So now that the shame of this little episode has subsided I can tell the story without that “wow, that was really moronic” feeling, cause honestly it’s kinda funny. You know, if it’s not you.
As I’ve mentioned before, Amy and I are taking language lessons and we’re beginning to feel a little more confident in using more complex phrases when we go out. This, however, is a double-edged sword. The phrases we do know can sometimes give the impression that we understand more than we really do when they talk to us, which means when something goes wrong it can spin out of control fast and lead to a point you just want to say “sure” because you don’t want to continue looking like a simpleton (I am willing to admit it might just be me…).
Anyway, Amy and I were hungry one evening but didn’t feel like cooking or going out to eat. With delivery pizza (ok, delivery in general…as, you know, a concept) not an option you have to go order it in person and get it for “take away”. In this particular case Amy didn’t feel like going anywhere so my over-confidence and me got in the car and headed to a pizza place we like. Honestly, I’ve done this before, and they kind of know us there but we’ve done a lot of ordering in caveman/charades because it’s simpler. Not tonight. No, tonight I’m going to try and do this in complete sentences and look like I belong here. To which any sane person would have said, “Ha…good luck with that.” Put gently this was a noble but ultimately doomed exercise. Put that into Google translate though and I think it shortens it to “FAIL”. Why, you ask? Because any slip up in communication is one I’m going to have to eat…literally. The headline writes itself, “Pride meets idiot, ends in fall”.
I should point out that Pizza here is different. There’s a lot less sauce and as a matter of course they put things on pizza that we traditionally don’t use (and if you ask for pepperoni they get really confused. It’s not a bad word but it doesn’t mean what we think it means here – hat tip: Inigo Montoya). So when you pick out a pizza, you probably want to make sure you know what’s on it. Amy wanted a local one called the Grottagliese, and I picked out a different one (at this point I really don’t even remember which one, but it may or may not have had french fries on it). In any case I walked up to the counter and said what I had rehearsed the whole way over, and technically, I said it right. YAY! Success! Except, I said one of the pizza’s wrong…Amy’s. Now, had it been mine, not so big a deal. A Diavola (essentially a pepperoni pizza) is fine by me, but that’s not what she asked for. Now I have to fix it. Crap. I didn’t rehearse that part. And there are people waiting behind me. And now my mind is blank and the only words I can think of are Russian. I tried to fix it, I really did. And for about five whole minutes I thought I had done it (completely hoping against hope that the smaller price on the receipt was because I was such a nice guy). Then they got my attention and handed me a single pizza box. Uh…uh-oh.

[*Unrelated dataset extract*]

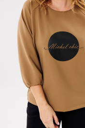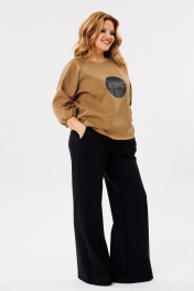 Брючный комплект водолаз из трикотажа с легким клешем Michel chic 1400 песок,черный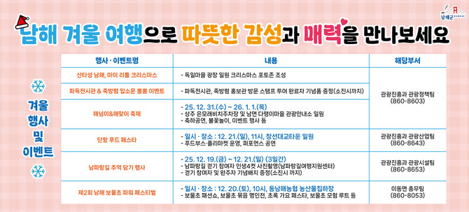 남해군은 겨울 여행 관광객 유치와 체류형 관광 활성화를 위해 다양한 매력적인 행사 이벤트를 개최한다고 17일 밝혔다.

You see the problem I had in trying to fix it in a hurry is I couldn’t seem to get across to her that I wanted to start the whole order over. Or, well, I should say that I didn’t seem to get that across to her. I thought that I had. I even had an Italian guy there that spoke a little English help me try and sort it out, but apparently that didn’t work either. We went round and round a couple of times until what she told me sounded right…cause I’m and expert and all. Ultimately what I wound up ordering and what they wound up doing was merging the two pizzas together (somehow without the french fries). Looking back the slightly concerned look on her face makes a lot more sense now. Sure, goofy American dude, we can put all those toppings on one Pizza…ya weirdo. I suppose it could have been worse, the toppings were separable and in the end it was edible. Bonus, it even came with a free slice of humble pie.